Video: Identifying the Bond Strength of Carbon Oxides According to Lewis Theory of Bonding

Which of the following oxides and oxyanions of carbon has the greatest C–O bond strength according to Lewis bond theory? [A] CO₂ [B] CO [C] CO₃²⁻ [D] CO₄⁴⁻ (theoretical)


Video Transcript

Which of the following oxides and oxyanions of carbon has the greatest C–O bond strength according to Lewis bond theory? A) CO₂, B) CO, C) CO₃²⁻, or D) CO₄⁴⁻, theoretical.

Let’s start by getting some clues about how to tackle this from the question itself. The question tells us that we’re going to need to use Lewis bond theory. When you think about Lewis bond theory, you might think of Lewis structures and Lewis dot-cross diagrams. So this could be helpful in helping answer the question. We’re also asked to compare the CO bond strengths in each of these oxides and oxyanions. So let’s think, how could we do that? One of the easiest ways to compare bond strengths is to compare their bond orders. A higher order bond is stronger than a lower order bond. For example, a single bond is not as strong as a double bond. So let’s look at each of the potential answers in turn and try drawing a dot-cross diagram for each.

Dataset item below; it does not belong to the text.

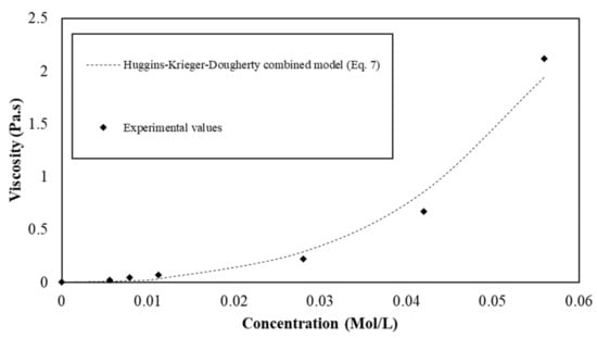 Kirincic and Klofutar [] reported values of [η] and k for PEG regarding the molar mass of the polymer. They found that molar mass values range from 1500 g·mol−1 to 35,000 g·mol−1 and values of [η] range from 11 to 2000 (L·mol−1). Since the s/s PCMs are mainly composed of PEG, it is assumed that the [η] must take its value in the same range. It is also reported that k generally takes its value between 0.3 and 0.5 [].

We’ll begin with carbon dioxide, CO₂. Let’s begin by considering how many electrons are in the valence shell of both carbon and oxygen. We know that carbon has four electrons in its outer shell, while oxygen has six. And for the purpose of these diagrams, we’ll draw carbon’s electrons with a cross and oxygens with a dot. Let’s begin by drawing in one bond between each carbon and each oxygen. This has used up one electron from each oxygen and two of the electrons in carbon. Let’s now try adding in another bond between the central carbon and each of the outer oxygens. Doing this has now used up all of the carbon’s valence electrons. And it has also given a full outer shell of eight.

We simply now need to deal with the two oxygens. Each oxygen has four electrons left over. So we can arrange these in two lone pairs each. We can now count up all the electrons. And we can see that each has had all of its valence electrons accounted for. And also each now has a full octet. So here we see that we have a carbon oxygen double bond. Let’s see how that compares to carbon monoxide. Let’s begin with carbon monoxide simply by drawing in a single bond. This leaves us with three electrons on the carbon and five on the oxygen, which we need to arrange. Let’s try drawing in a second bond. Now this is where it gets a little tricky. Currently, we need four more electrons to fill our carbon’s outer shell. Two of its initial electrons have already been used. And two are left over. If we arrange, it’s left over two electrons as a lone pair. We still need two more electrons in carbon’s outer shell for it to fill the octet role.

Luckily, our oxygen atom still has four remaining electrons. We can arrange two of these electrons as a dative covalent bond and the last two as a lone pair. So carbon monoxide has a triple bond between the C and the O. This has a higher bond order than carbon dioxide. And therefore, it will be a stronger bond. Let’s see how this compares to CO₃²⁻. Remember that the charge on here, the two minus charge, means that we have two more electrons to arrange. Once again, let’s begin by drawing one bond between each of the oxygens to the carbon. If we focus on our carbon, we’ve used up three of its initial electrons, leaving us one more to arrange. It also requires two more electrons to fulfill the octet role. This seems ideal for drawing a second bond between the carbon and one of the oxygens. Once we’ve drawn in this second bond, we can see that our carbon now has a full outer shell. And all four of its initial electrons have been accounted for.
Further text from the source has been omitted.